Application of markers for identification of anatomic landmarks can be useful when performing a video-based running analysis. These markers need not be expensive retroreflective tape-based markers. Any bright colored tape can be used for this purpose. Whenever possible, tape should be applied directly to the runner’s skin. This is imperative when performing research-level 3D motion analysis. However, adapting these methods for use in a clinical setting may require markers over clothes. In these situations, it is recommended that the runners wear tight-fitting running sportswear to minimize the movement of the markers from clothing during running. In the images presented throughout this article, the following landmarks are identified and marked: C7 spinous process, posterior superior iliac spines, anterior superior iliac spine, greater trochanter, lateral knee joint line, lateral malleolus, midpoint of the calf, superior and inferior portions of the heel shoe counter, and head of the fifth metatarsal. This is an example of a common set of anatomy landmarks that are useful to evaluate during running and can be modified to suit the needs to the evaluation.


Warmup and Analysis Plan


It is advisable to allow for a period of time for the runner to run on the treadmill at the target speed to accommodate to the environment. Studies have identified changes in kinematics deviating from normal running mechanics with treadmill running up to the initial 6 minutes. Therefore, an acclimation period of 6 to 10 minutes should be used when possible before evaluation. It is also important consider the nature of symptom provocation in an injured runner. If a runner experiences symptoms after a number of minutes or miles, it may be necessary to acquire video with the runner in a fatigued state, after a period of running and consistent with their symptom history.

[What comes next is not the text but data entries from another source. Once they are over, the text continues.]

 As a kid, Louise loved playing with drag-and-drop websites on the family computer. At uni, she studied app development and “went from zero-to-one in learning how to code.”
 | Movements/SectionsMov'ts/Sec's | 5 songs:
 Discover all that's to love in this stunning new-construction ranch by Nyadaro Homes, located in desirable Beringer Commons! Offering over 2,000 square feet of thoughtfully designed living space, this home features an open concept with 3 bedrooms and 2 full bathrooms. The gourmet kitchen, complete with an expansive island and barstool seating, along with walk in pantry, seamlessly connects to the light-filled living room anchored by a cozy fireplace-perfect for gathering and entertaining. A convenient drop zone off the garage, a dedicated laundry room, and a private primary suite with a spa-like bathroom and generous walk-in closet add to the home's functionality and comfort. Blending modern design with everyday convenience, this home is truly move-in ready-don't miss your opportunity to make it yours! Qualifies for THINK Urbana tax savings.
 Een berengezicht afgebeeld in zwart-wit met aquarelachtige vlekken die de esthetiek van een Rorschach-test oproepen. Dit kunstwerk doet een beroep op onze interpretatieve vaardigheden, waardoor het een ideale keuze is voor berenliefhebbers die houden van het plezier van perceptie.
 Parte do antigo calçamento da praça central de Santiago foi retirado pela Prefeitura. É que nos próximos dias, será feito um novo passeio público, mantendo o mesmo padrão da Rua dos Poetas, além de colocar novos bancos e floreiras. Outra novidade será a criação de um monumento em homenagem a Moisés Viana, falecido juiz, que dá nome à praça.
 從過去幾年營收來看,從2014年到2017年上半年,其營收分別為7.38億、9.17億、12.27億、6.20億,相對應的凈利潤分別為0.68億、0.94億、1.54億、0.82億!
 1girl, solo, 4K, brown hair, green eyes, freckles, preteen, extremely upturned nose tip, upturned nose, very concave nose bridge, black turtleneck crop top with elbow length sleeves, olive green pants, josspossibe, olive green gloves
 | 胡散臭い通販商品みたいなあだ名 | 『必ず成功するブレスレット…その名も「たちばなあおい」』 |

When performing a movement analysis of any type, it is critical to execute the analysis systematically. We present a distal-to-proximal analysis plan. The order of the evaluation is not critical. However, it is extremely important to perform the entire evaluation, including all segments, joints, and whole body variables consistently, to avoid missing subtle yet potentially important kinematic abnormalities. Although numerous freeware options exist with extremely helpful tools for measuring biomechanical variables on running video (angles, distances, etc), it is generally not necessary. Most of the metrics in this article can be easily identified visually on slow motion video, or evaluation when progressing through the video frame by frame. To date, cutoffs for kinematics to be identified as abnormal, or predictive of injury, do not exist. As such, the analyses included here does not provide the reader with specific angles or measures that are “abnormal.” Each metric is described, and indicators of normal kinematics are provided. It is the responsibility of the evaluator to determine what threshold for normal and abnormal should be applied to an individual runner and associated with the biomechanical contributor to injury.


Phases


It is important to identify specific moments within the running cycle that can be used for evaluation. Many of the phases of the running cycle are clear. However, particularly for evaluating stride mechanics, it is important to differentiate between video frames of rapidly evolving events. Take, for example, the images provided in Fig. 1 . Fig. 1 A is the final frame of the swing phase, Fig. 1 B displays initial contact, and Fig. 1 C displays loading response (which is identified by the presence of shoe deformation in the image). Different kinematic variables are evaluated on images from different phases of running. It is important for the evaluator to become familiar with identifying each of these phases (and others as described elsewhere in this article). Inconsistent identification of phases of running in evaluating biomechanics of running gait will make performing a reliable analysis impossible.




Fig. 1


Key phases of running. ( A ) The end of terminal swing is identified as to the foot remains elevated from the treadmill, just before initial contact. ( B ) Initial contact is identified as the first frame when the foot hits the ground. ( C ) Loading response is identified as the first frame in which the runner’s weight is being transferred onto the lead leg and is characterized by the presence of shoe deformation.




Side view


Foot Strike Pattern


Identification of foot strike pattern can be easily performed on slow motion video or by evaluating video in a frame-by-frame manner ( Fig. 2 ). It is recommended to always confirm foot strike pattern in this fashion, because even after considerable practice, it is not uncommon to misidentify a foot strike type when observing running at full speed. Foot strike types can be categorized as forefoot strike (FFS), midfoot strike, and rear foot strike. Recent literature suggests that video-based identification of foot strike patterns by a single rater are highly reliable, although interrater measures was found to be less reliable. At this time, there is limited evidence that any 1 foot strike pattern is more or less likely to cause a runner to sustain an injury. However, this is an area of active research and data on this issue are emerging. One study on competitive collegiate runners suggested that runners with a rear foot strike pattern developed more repetitive overuse injuries when compared with runners with an FFS pattern. And although these finding suggest possible association between foot strike patterns and running injuries, more work is necessary before broad conclusions on foot strike recommendations can be made to modify injury risk.




Fig. 2


Foot strike patterns. ( A ) Forefoot strike. ( B ) Midfoot strike. ( C ) Rear foot strike.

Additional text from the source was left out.